お奴坊池
どんな伝承か
昔、成田市中野の名主の家に、お奴坊という若者が作男として働いていた。池のそばの田を耕していたお奴坊は、赤い大きなドジョウを捕らえ、菅の葉を口に差して池の縁に刺しておいたまま忘れてしまう。夕方、池の方から「おどぼうーやーい」と呼ぶ声がして、苦しむドジョウを憐れみ池へ放してやると、また同じ声がした。のぞくと、前年に病で死んだおよねの顔があり、一人にしないでくれと呼んでいる。およねは名主の息子との縁組を決められ、思い悩んで死んだ娘であった。
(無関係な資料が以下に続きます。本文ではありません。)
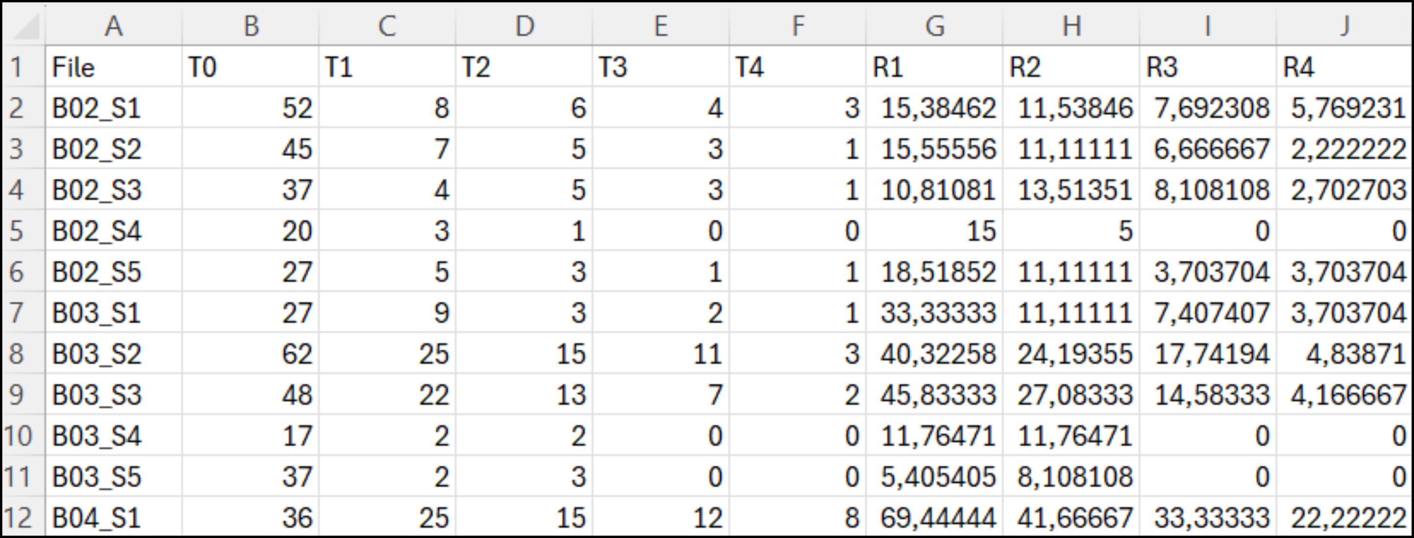 8. The results are summarized in a table where each row contains the image name, the number of visible spots at each time point (T0, T1, T2, …), and the corresponding ratios (R0, R1, R2, …; with Rn = T0/Tn).
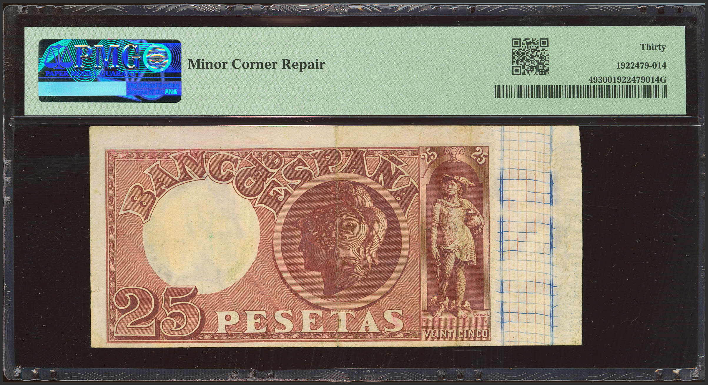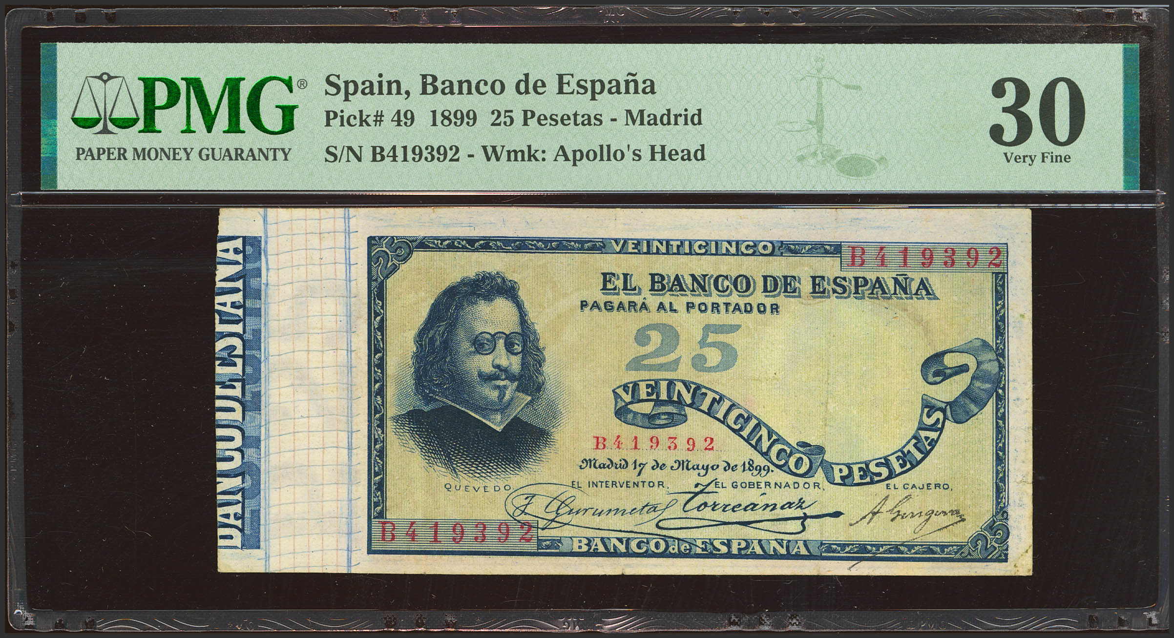 25 Pesetas. 17 de Mayo de 1899. Serie B. (Edifil 2023: 306a, Pick: 49). Raro, esquina inferior derecha mínimamente reparada. MBC+. Encapsulado PMG35 (minor corner repair).
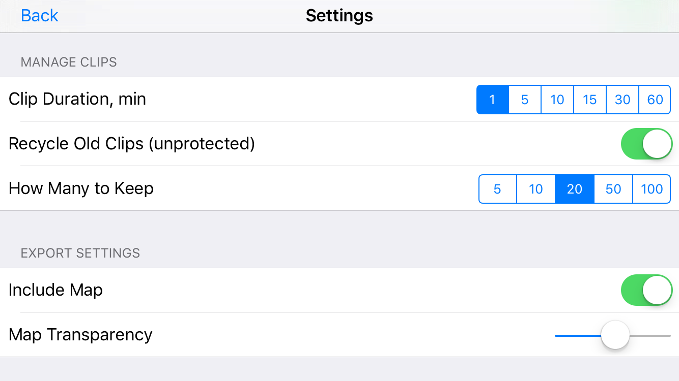 클립 정보에서 인터페이스 사용자 당신의 카메라 롤에 클립 수출할 수 있습니다.. 이러한 내보낸된 클립으로 비디오에 찍힌 날짜/시간 스탬프 및 속도 마커 포함 됩니다. “워터 마크”. 라이트에서 버전 클립 것만 공개 먼저 30 비디오 스트림의 초.
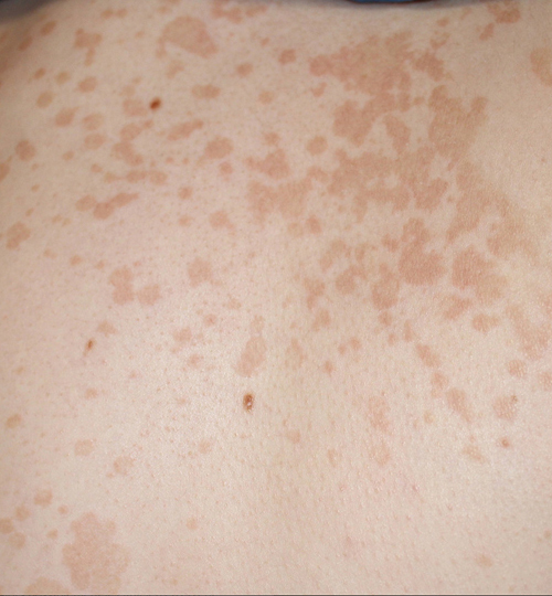 Les Malassezia sont des levures lipophiles, saprophytes de la peau, présentes dans les régions riches en glandes sébacées (haut du corps principalement). Elles peuvent se multiplier sous l’influence de certains facteurs (soleil, transpiration, grossesse …) et être responsables de petites taches achromiques et/ou hyperpigmentées. C’est le pityriasis versicolor (figure 1). Pour les présentations cliniques atypiques, le diagnostic peut être confirmé au laboratoire par la technique du scotch-test cutané qui met en évidence des levures en grappe associées à des filaments en microscopie optique. Le traitement repose sur l’application d’un antifongique topique sur tout le corps sous forme de shampoing en une seule application (kétoconazole unidose), éventuellement répétée 15 jours après et/ou avant un séjour au soleil. Il faut prévenir le patient de l’absence de repigmentation ou de dépigmentation immédiate afin d’éviter des traitements itératifs inutiles.
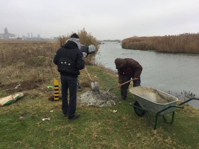 Voluntarii Centrului Regional de Ecologie Bacău au amplasat borne pe lacul Galbeni, pentru a evidenția în teren limitele zonei de pescuit.
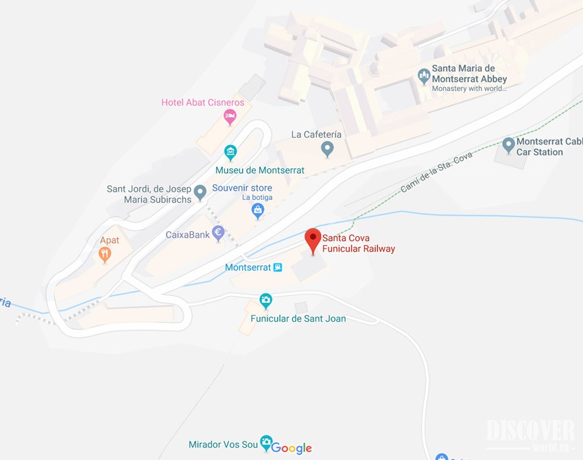 Фуникулер расположен чуть выше станции зубчатой железной дороги - кремальеры (Cremallera de Montserrat). При выходе со станции вам необходимо будет повернуть налево, пройти мимо центра туристической информации и чуть далее опять свернуть налево на лестницу (эта часть пути до фуникулеров Санта Кова и Сант-Жуан совпадают). Поднимитесь наверх по лестнице, затем вы увидите фуникулер (там есть указатели).

お奴坊は声に引かれて池に入り、二度と姿を見せなかった。村人はこの池をお奴坊池と呼ぶようになった。
原典より
昔、中野の名主さんの家にお奴坊という若者が、作男として働いていた。—— 大栄町史 民俗編(大栄町) より引用地図で位置を見る
※伝承地の場所は必ずしも正確ではありません
出典の文献について
大栄町史 民俗編(大栄町)
大栄町編『大栄町史 民俗編』を全26話・伝説(1見出し=1話)単位で収録(緒言・序・名義・解説・和歌・注は除外/内包)。所在地(郡村区・社寺)を付して集成。